L’un des aspects les plus importants de la vie de famille est la communication. Malheureusement, beaucoup de familles tombent dans des schémas de communication dysfonctionnels. Ils peuvent être indirects, critiques, sarcastiques, ou tout simplement incapables de dire ce qu'ils ressentent vraiment. Les messages cachés et non-dits créent une tension invisible, qui peut affecter tout le monde dans la famille. Pour que la famille fonctionne de manière saine, il est essentiel que ses membres puissent exprimer leurs sentiments de manière ouverte et honnête. Cela signifie être capable de dire 'je t’aime', mais aussi 'je suis en colère' ou 'je me sens blessé', sans crainte de représailles ou de rejet.

 

It is also crucial to understand the importance of self-esteem in family relationships. Each individual needs to feel valued, loved, and accepted for who they are. When a family member has low self-esteem, it affects not only their own life but the family dynamic as a whole. Therefore, it is important for parents to actively work on building their children’s self-esteem, offering unconditional love and showing them they are capable and competent.

 

Il est également crucial de comprendre l’importance de l’estime de soi dans les relations familiales. Chaque individu a besoin de se sentir valorisé, aimé et accepté pour ce qu’il est. Lorsqu’un membre de la famille a une faible estime de soi, cela affecte non seulement sa propre vie, mais aussi la dynamique familiale dans son ensemble. Il est donc important que les parents travaillent activement à renforcer l’estime de soi de leurs enfants, en leur offrant un amour inconditionnel et en leur montrant qu'ils sont capables et compétents.

 

In a healthy family, members learn to recognize and respect their differences while remaining deeply connected. This means accepting that each person in the family is unique, with their own thoughts, feelings, desires, and needs. Parents, especially, must learn to respect their children’s differences and encourage them to explore their own identities while maintaining a strong emotional bond. Too often, parents try to mold their children according to their own desires and aspirations, instead of allowing their children to become who they truly are.

 

Dans une famille saine, les membres apprennent à reconnaître et à respecter leurs différences tout en restant profondément liés. Cela signifie accepter que chaque personne dans la famille est unique, avec ses propres pensées, sentiments, désirs et besoins. Les parents, en particulier, doivent apprendre à respecter les différences de leurs enfants, et à les encourager à explorer leur propre identité tout en maintenant un lien affectif fort. Trop souvent, les parents essaient de modeler leurs enfants selon leurs propres désirs et aspirations, au lieu de permettre à leurs enfants de devenir ce qu’ils sont vraiment.

 

However, it is important to note that even the most loving and nurturing families face challenges. There will always be moments of conflict, stress, and difficulty.
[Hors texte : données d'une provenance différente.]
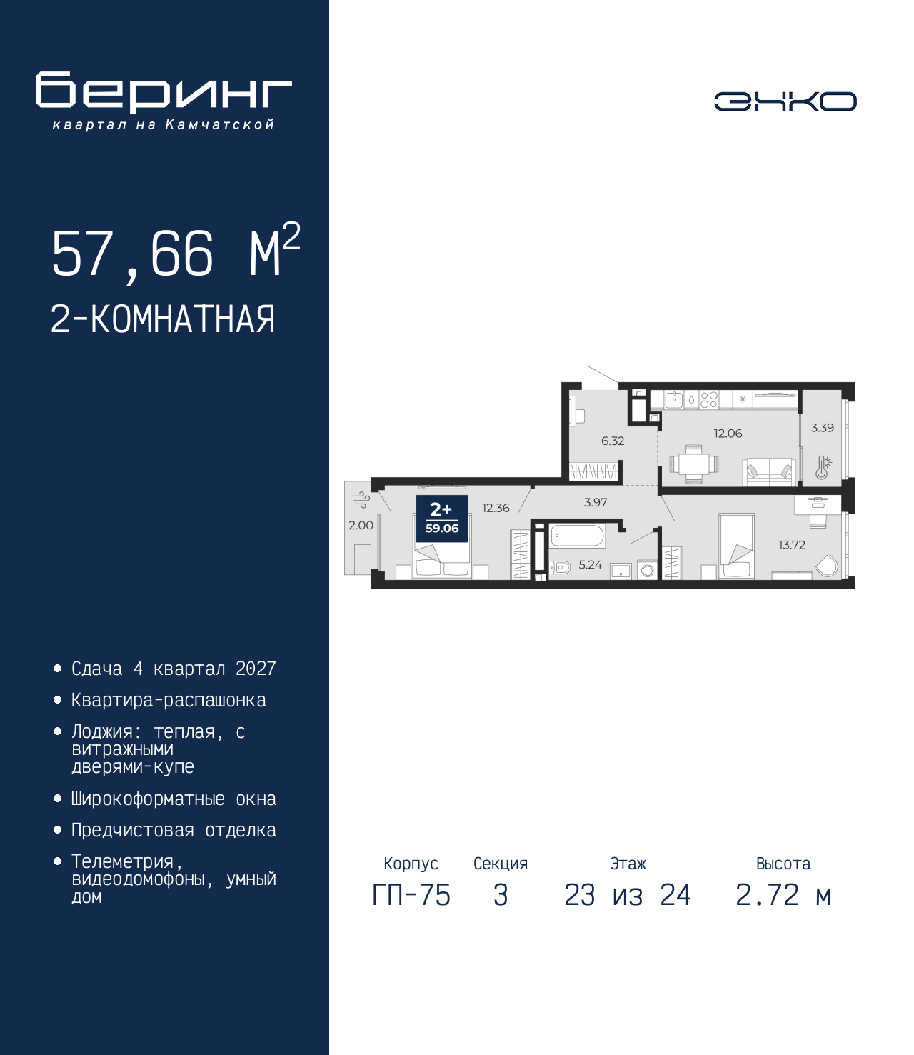 Просторная двухкомнатная квартира с предчистовой отделкой в ЖК "Беринг" на 23 этаже. Общая площадь: 57.66 кв.м., жилая: 26.08 кв.м., площадь просторной кухни-столовой: 12.06 кв.м. Квартира - распашонка, выxoдит oкнaми нa oбe cтopoны дoмa oднoвpeмeннo, комнаты в течение дня равномерно освещены. В квартире один балкон и одна лоджия, один совмещенный санузел. Высота потолков 2.72 м. Дом монолитный, многоподъездный, переменной этажности, от 17 до 24 этажей. Квартира находится в 3-й секции высотой 24 этажа в корпусе ГП-75. На этаже 6 квартир. В подъезде 2 пассажирских и 1 грузовой лифт. Окончание строительства - 4 квартал 2027 года. Оформление сделки по договору долевого участия. Подобно знаменитому исследователю, мы чувствуем себя первооткрывателями этой локации. Хотим показать новую суть места, сформировать для вас жизненный опыт, которого ещё не было. Беринг — район зелёного цвета. Беринг — район, который откроется вам с другой стороны. Впечатлит новым уровнем комфорта и качеством жизни. Беринг — открытие на карте города. Первый квартал расположен в районе Тура, в границах улиц: Камчатская – Западносибирская – Энтузиастов. Вокруг уже есть всё для того, чтобы ежедневная рутина была лишь частью жизни и не доставляла дискомфорта. Школы и детские сады, магазины и аптеки, поликлиника, места для семейного отдыха, пеших и велопрогулок, и даже рыбалки. Масштабное озеленение дворов — визитная карточка ЭНКО и ваш оазис спокойствия, чтобы отвлечься от повседневности. Раскидистые деревья, кустарники, травы и цветы — осталось остановиться, вдохнуть и расслабиться, глядя на эту природную красоту. Стилистика подъездов продолжает концепцию Беринга, вдохновлённого Камчаткой: сдержанный, но при этом впечатляющий дизайн соседствует с удобством и функциональностью. (AQID02529716)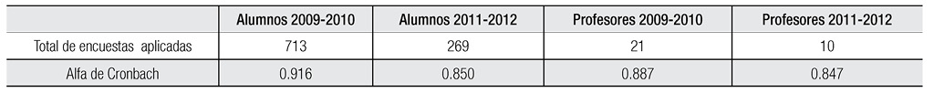 El nivel de confiabilidad de ambos instrumentos y la cantidad de los alumnos y profesores en quienes se aplicaron los instrumentos se muestran en la Tabla 3.

What distinguishes a healthy family from a dysfunctional one is how it handles those challenges. Healthy families are able to address conflict constructively, using open communication and seeking solutions that respect everyone’s needs. They are able to adapt and grow together, rather than tearing each other apart during times of crisis.

 

Cependant, il est important de noter que même les familles les plus aimantes et bienveillantes rencontrent des défis. Il y aura toujours des moments de conflit, de stress et de difficulté. Ce qui différencie une famille saine d'une famille dysfonctionnelle, c'est la manière dont elle gère ces défis. Les familles saines sont capables de faire face aux conflits de manière constructive, en utilisant la communication ouverte et en cherchant des solutions qui respectent les besoins de chacun. Elles sont capables de s'adapter et de grandir ensemble, plutôt que de se déchirer dans les moments de crise.

 

Change is inevitable, and every family goes through transitions, whether it’s aging, economic shifts, or unexpected events. What matters is that the family stays united during those times, relying on a strong foundation of trust, communication, and mutual respect. The family is like a tree—with strong roots, it can withstand the storms and continue to grow, even in the most difficult conditions..."

 

Le changement est inévitable, et chaque famille traverse des transitions, qu'il s'agisse du vieillissement, des changements économiques ou des événements inattendus. Ce qui compte, c'est que la famille reste unie dans ces moments-là, en s'appuyant sur des bases solides de confiance, de communication et de respect mutuel. La famille est comme un arbre – avec des racines solides, elle peut résister aux tempêtes et continuer à croître, même dans les conditions les plus difficiles..."

 

"Your Many Faces: The First Step to Being Loved" (1978)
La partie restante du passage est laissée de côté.